TASK REQUIREMENTS: Starting with the line below that holds "Men Regular Fit" and stopping after the line that holds "Zwar wurde er", transcribe the lines exactly, leaving out all pictures.

INFORMATION SHOWN:

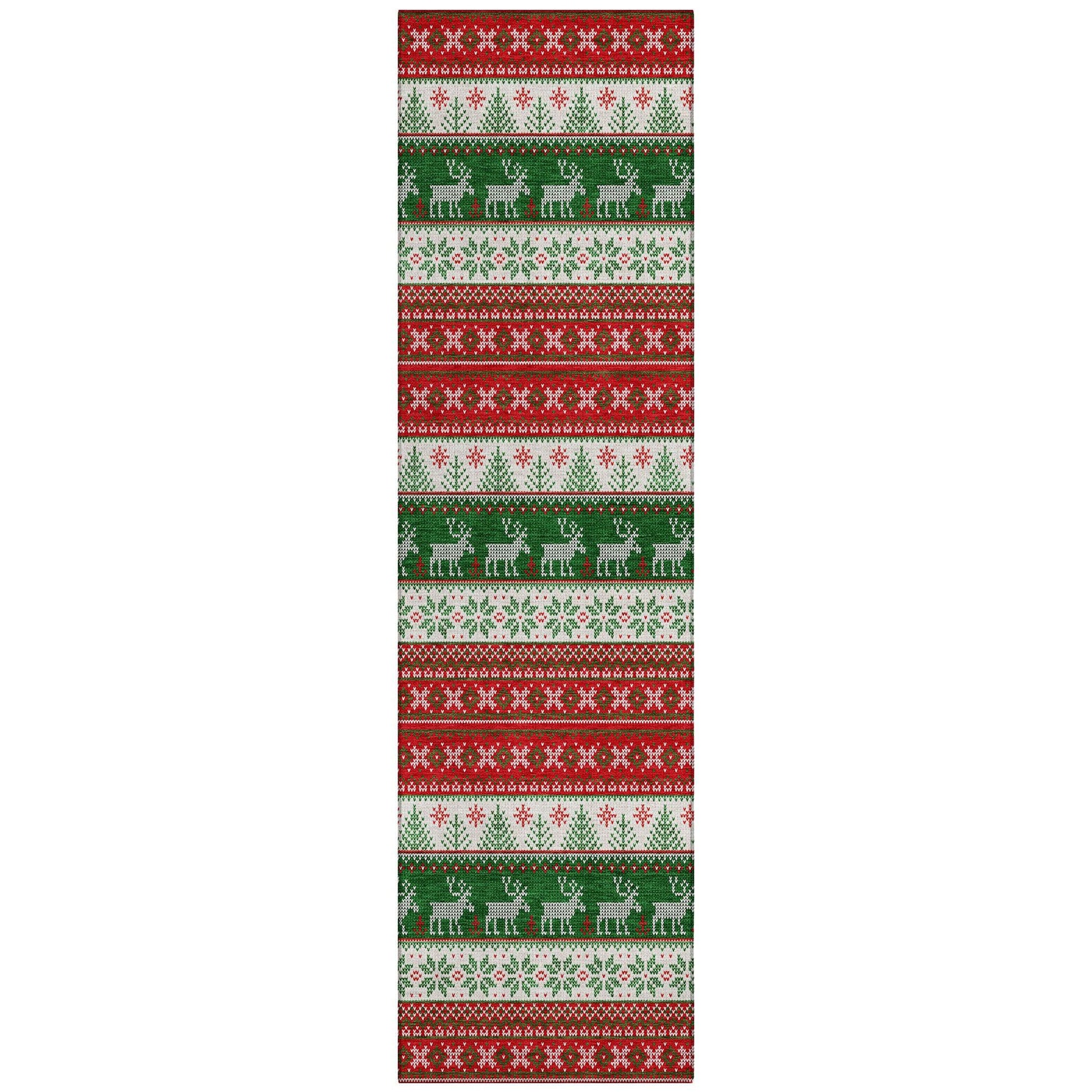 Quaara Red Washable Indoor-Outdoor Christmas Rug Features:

* * *

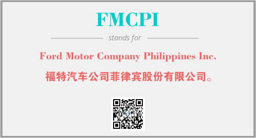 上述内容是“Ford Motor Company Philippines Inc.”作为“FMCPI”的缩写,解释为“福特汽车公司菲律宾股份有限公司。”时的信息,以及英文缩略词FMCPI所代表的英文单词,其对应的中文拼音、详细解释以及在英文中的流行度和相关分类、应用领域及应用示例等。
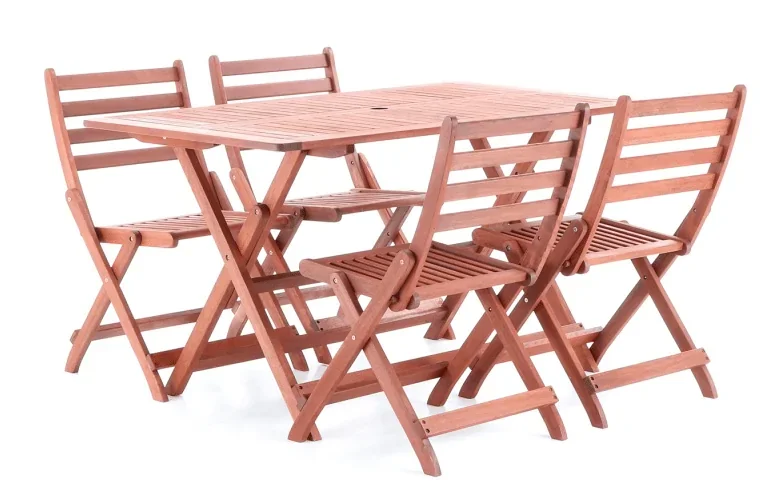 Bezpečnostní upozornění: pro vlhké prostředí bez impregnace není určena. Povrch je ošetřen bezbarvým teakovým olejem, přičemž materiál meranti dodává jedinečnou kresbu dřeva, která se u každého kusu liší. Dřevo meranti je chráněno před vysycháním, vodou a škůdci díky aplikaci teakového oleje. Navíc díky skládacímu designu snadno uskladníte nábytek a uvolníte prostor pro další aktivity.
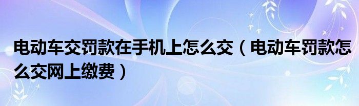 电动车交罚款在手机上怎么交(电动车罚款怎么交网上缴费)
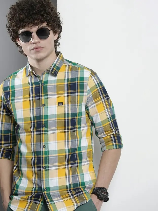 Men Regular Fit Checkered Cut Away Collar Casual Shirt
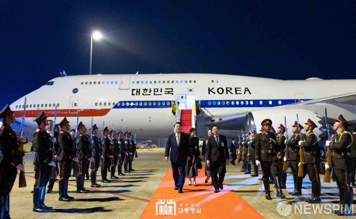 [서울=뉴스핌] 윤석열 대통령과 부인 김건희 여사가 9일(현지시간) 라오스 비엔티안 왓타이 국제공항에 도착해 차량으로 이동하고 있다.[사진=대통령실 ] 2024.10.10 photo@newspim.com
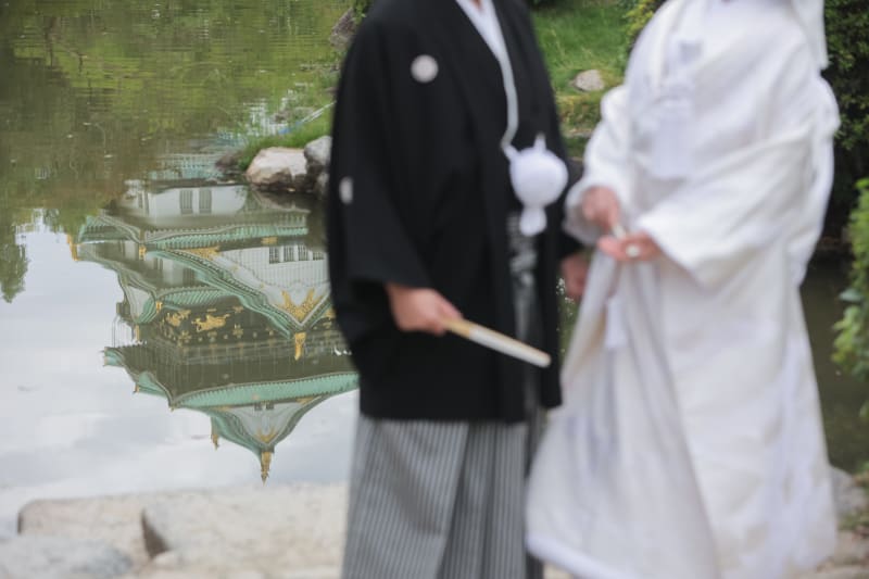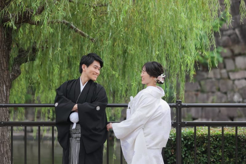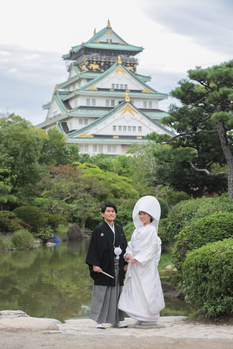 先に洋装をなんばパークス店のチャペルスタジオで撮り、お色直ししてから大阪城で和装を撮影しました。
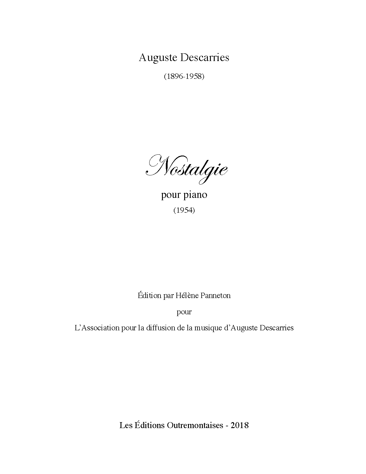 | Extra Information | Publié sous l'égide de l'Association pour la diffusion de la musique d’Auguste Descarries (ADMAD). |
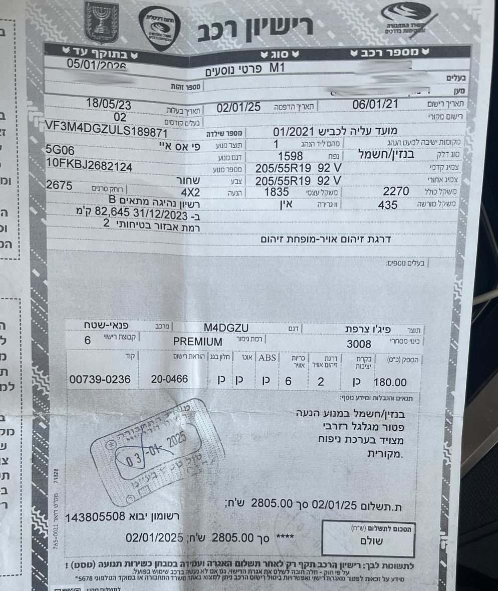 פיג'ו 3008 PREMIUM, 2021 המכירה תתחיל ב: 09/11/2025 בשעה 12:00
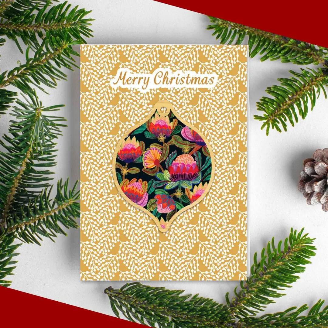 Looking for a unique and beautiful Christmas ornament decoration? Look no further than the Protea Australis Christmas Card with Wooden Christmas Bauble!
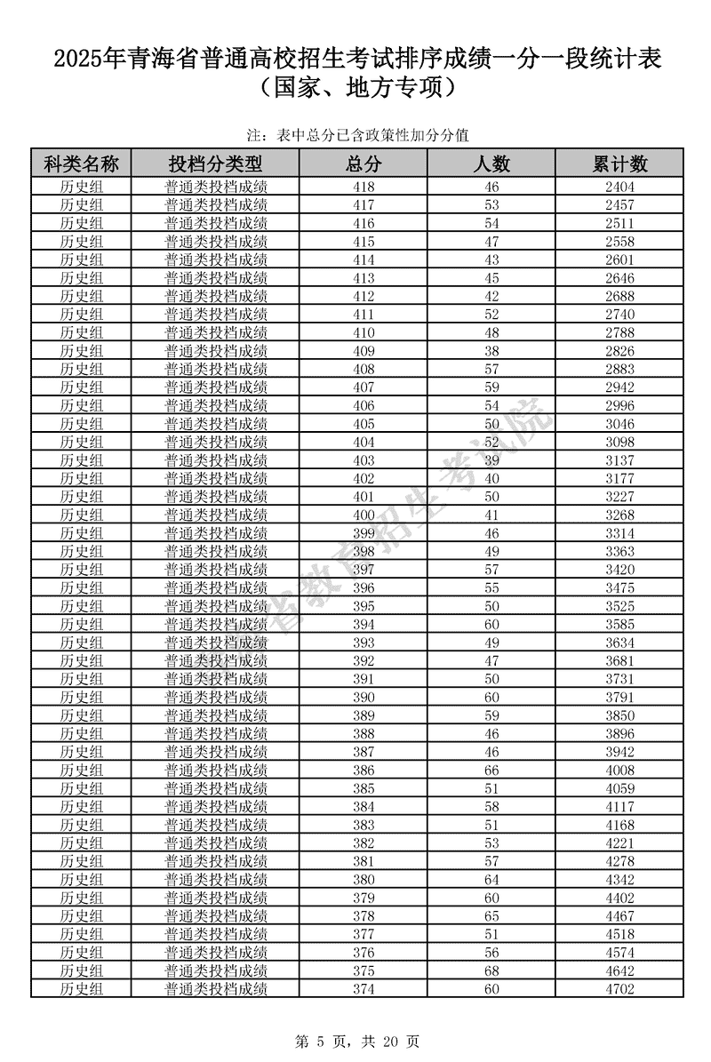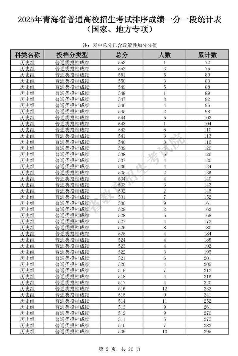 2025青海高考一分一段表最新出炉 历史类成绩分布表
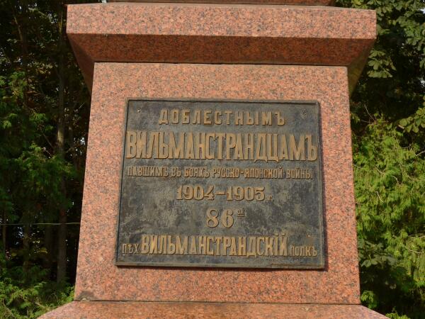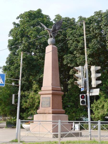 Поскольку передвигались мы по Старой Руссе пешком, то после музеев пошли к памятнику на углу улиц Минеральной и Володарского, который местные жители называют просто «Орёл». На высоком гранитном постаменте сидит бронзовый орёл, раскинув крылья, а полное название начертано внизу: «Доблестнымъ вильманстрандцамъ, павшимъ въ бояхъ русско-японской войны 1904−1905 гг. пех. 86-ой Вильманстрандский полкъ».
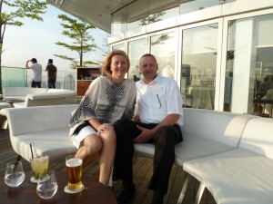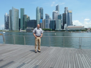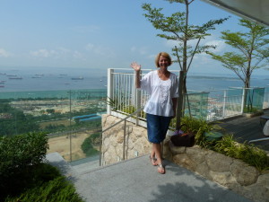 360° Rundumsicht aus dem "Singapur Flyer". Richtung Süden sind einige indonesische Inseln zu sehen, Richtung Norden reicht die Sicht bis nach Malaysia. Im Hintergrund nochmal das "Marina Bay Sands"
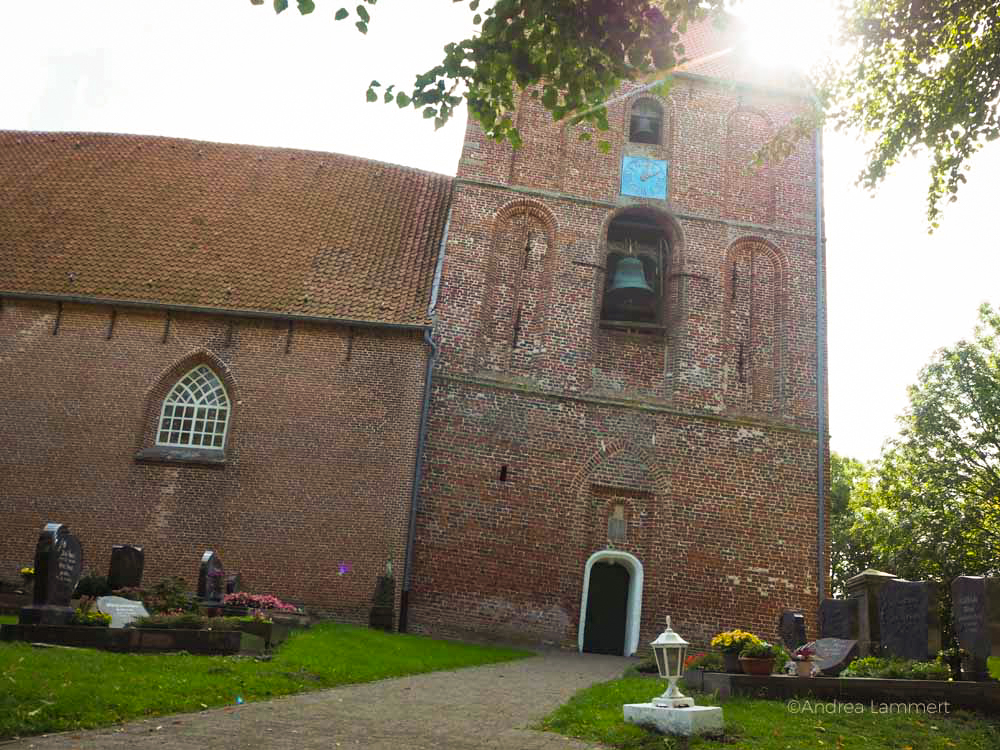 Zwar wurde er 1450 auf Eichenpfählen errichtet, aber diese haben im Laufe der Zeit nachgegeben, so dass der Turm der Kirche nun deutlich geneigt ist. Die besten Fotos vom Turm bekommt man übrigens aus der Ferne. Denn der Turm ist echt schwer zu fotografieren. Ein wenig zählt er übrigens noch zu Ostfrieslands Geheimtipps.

--

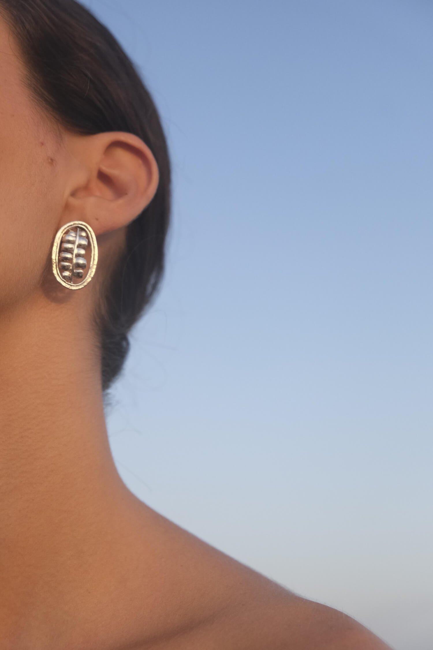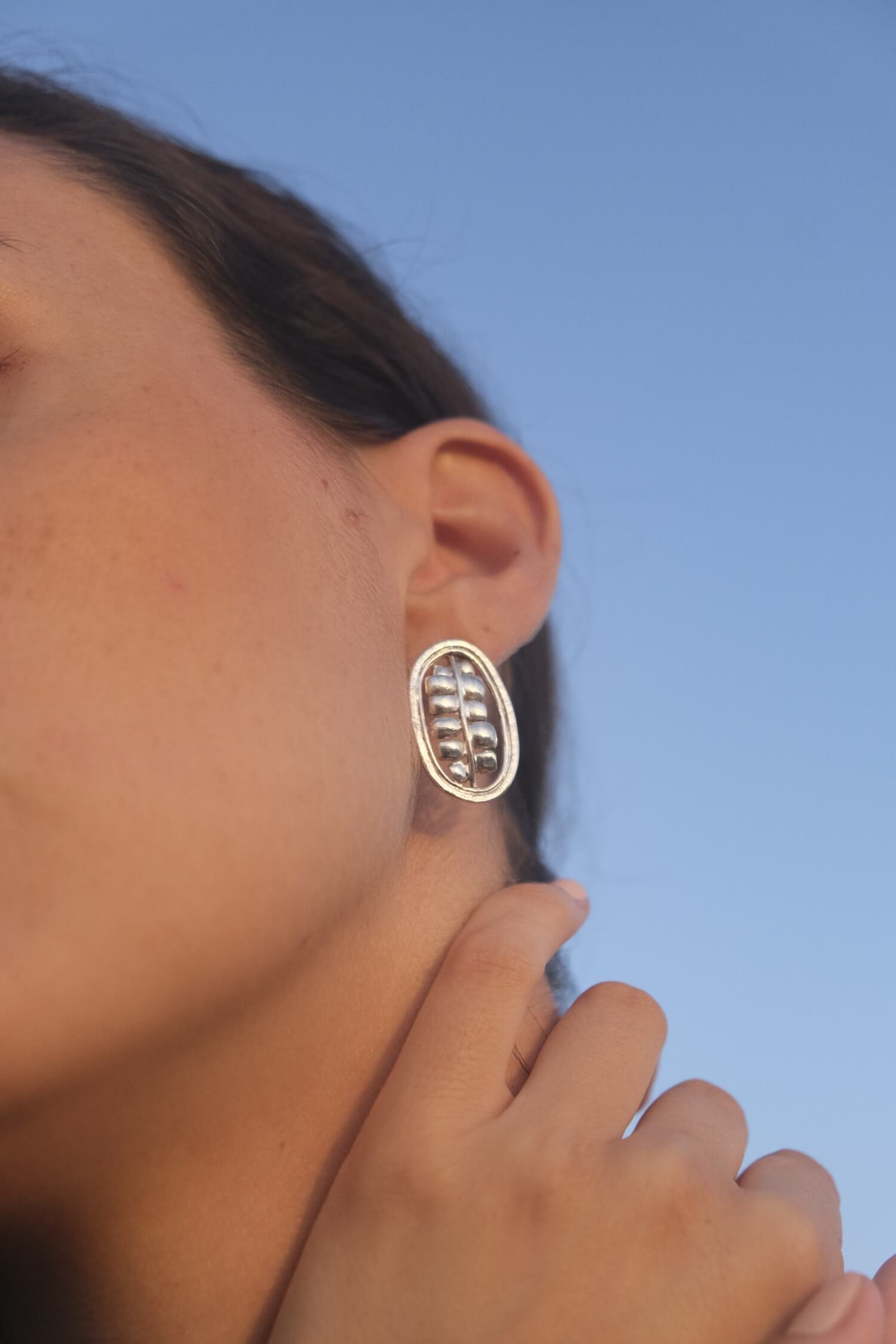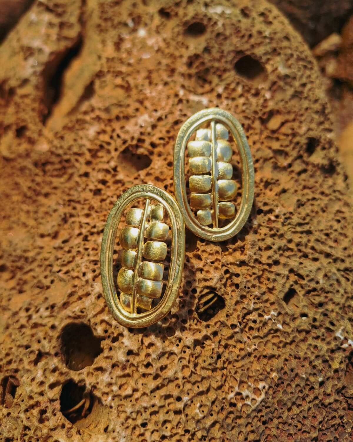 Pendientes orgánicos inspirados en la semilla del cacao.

WRITTEN REPLY:
 Men Regular Fit Checkered Cut Away Collar Casual Shirt
 [서울=뉴스핌] 윤석열 대통령과 부인 김건희 여사가 9일(현지시간) 라오스 비엔티안 왓타이 국제공항에 도착해 차량으로 이동하고 있다.[사진=대통령실 ] 2024.10.10 photo@newspim.com
 先に洋装をなんばパークス店のチャペルスタジオで撮り、お色直ししてから大阪城で和装を撮影しました。
 | Extra Information | Publié sous l'égide de l'Association pour la diffusion de la musique d’Auguste Descarries (ADMAD). |
 פיג'ו 3008 PREMIUM, 2021 המכירה תתחיל ב: 09/11/2025 בשעה 12:00
 Looking for a unique and beautiful Christmas ornament decoration? Look no further than the Protea Australis Christmas Card with Wooden Christmas Bauble!
 2025青海高考一分一段表最新出炉 历史类成绩分布表
 Поскольку передвигались мы по Старой Руссе пешком, то после музеев пошли к памятнику на углу улиц Минеральной и Володарского, который местные жители называют просто «Орёл». На высоком гранитном постаменте сидит бронзовый орёл, раскинув крылья, а полное название начертано внизу: «Доблестнымъ вильманстрандцамъ, павшимъ въ бояхъ русско-японской войны 1904−1905 гг. пех. 86-ой Вильманстрандский полкъ».
 360° Rundumsicht aus dem "Singapur Flyer". Richtung Süden sind einige indonesische Inseln zu sehen, Richtung Norden reicht die Sicht bis nach Malaysia. Im Hintergrund nochmal das "Marina Bay Sands"
 Zwar wurde er 1450 auf Eichenpfählen errichtet, aber diese haben im Laufe der Zeit nachgegeben, so dass der Turm der Kirche nun deutlich geneigt ist. Die besten Fotos vom Turm bekommt man übrigens aus der Ferne. Denn der Turm ist echt schwer zu fotografieren. Ein wenig zählt er übrigens noch zu Ostfrieslands Geheimtipps.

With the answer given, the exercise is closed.